It’s not a misuse - it’s exactly the intended meaning and it is perfectly common in mainstream usage.
Allowing yourself to be vulnerable means you are indeed open to attack. But it is also a large part of emotional connection. The alternative is being a fortress - with all the relationship problems that entails.
The very fact that you see vulnerability as “bad” is a perfect example of what that language is intended to highlight.
> The alternative is being a fortress - with all the relationship problems that entails.
I’m reminded of the concept of siege mentality.
https://en.wikipedia.org/wiki/Siege_mentality
> In sociology, siege mentality is a shared feeling of victimization and defensiveness—a term derived from the actual experience of military defences of real sieges. It is a collective state of mind in which a group of people believe themselves constantly attacked, oppressed, or isolated in the face of the negative intentions of the rest of the world. Although a group phenomenon, the term describes both the emotions and thoughts of the group as a whole, and as individuals.
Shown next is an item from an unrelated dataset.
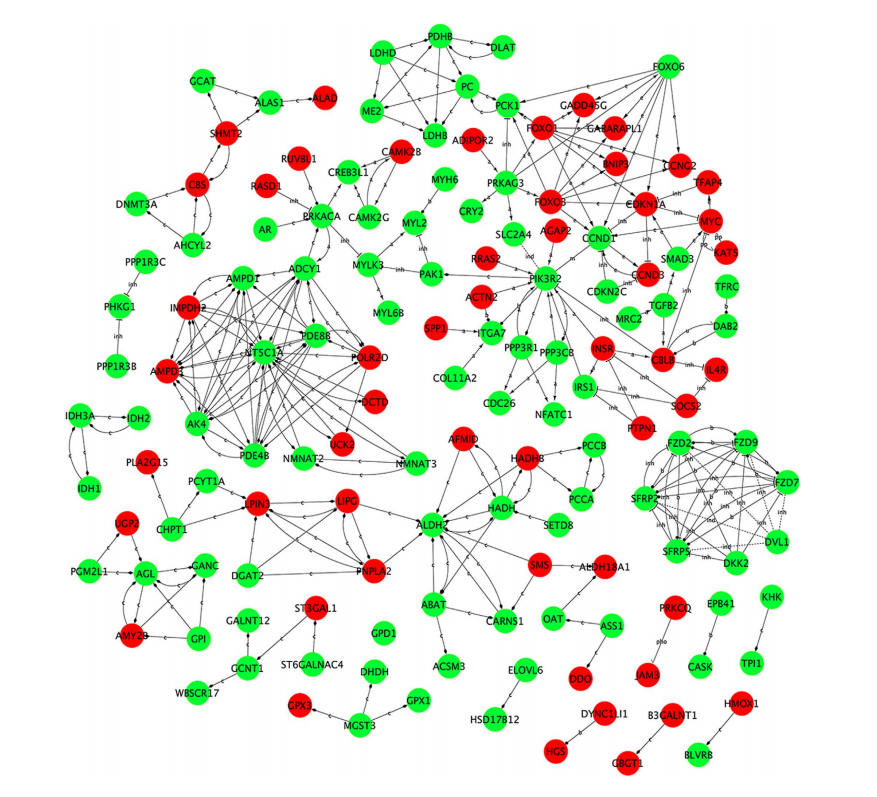 研究中,常常會(huì)發(fā)現(xiàn)差異基因過(guò)多,并且所屬信號(hào)通路也很復(fù)雜,難以將相關(guān)基因聯(lián)系起來(lái)并找到“核心”基因。烈冰團(tuán)隊(duì)整合基因間相互作用關(guān)系,并采用網(wǎng)絡(luò)圖展示差異基因間復(fù)雜的互作網(wǎng)絡(luò)/信號(hào)傳遞網(wǎng)絡(luò),幫助研究者快速定位到“核心”基因。

The result is a state of being overly fearful of surrounding peoples, and an intractably defensive attitude.
> Among the consequences of a siege mentality are black and white thinking, social conformity, and lack of trust, but also a preparedness for the worst and a strong sense of social cohesion.
If you are under attack, vulnerability is bad.
Historic ‘stoic male’ personas existed for a reason. Because in many situations, it works. Despite the complaining.
And being less ‘emotionally connected’ is valuable when people use that connection to exploit or hurt you. A very common experience for many men.
That people (especially women) then complain you won’t open up to them is a riot in those situations because it’s like someone complaining you keep putting on your bullet proof vest - while they keep shooting at you.
Historic male mental health issues also resulted. But notably, folks depending on the stoic persona for their own wellbeing would typically throw you under the bus for those issues too.
“How dare you get mad! You’re a dangerous threat!” says the person constantly harassing the person, or the boss putting you in worse and worse work conditions while pretending they are doing you a favor, etc.
They do that, of course, because mad people actually fight back. But if you need the job or are dependent on the relationship…
As many men have experienced, the only way to ‘win’ is shut off caring about what people say on that front - among other emotions.
Is vulnerable about letting people know how you feel or your weaknesses?
What about letting people know how you feel and your weaknesses while not caring if someone judges you for it? Is that being vulnerable or not?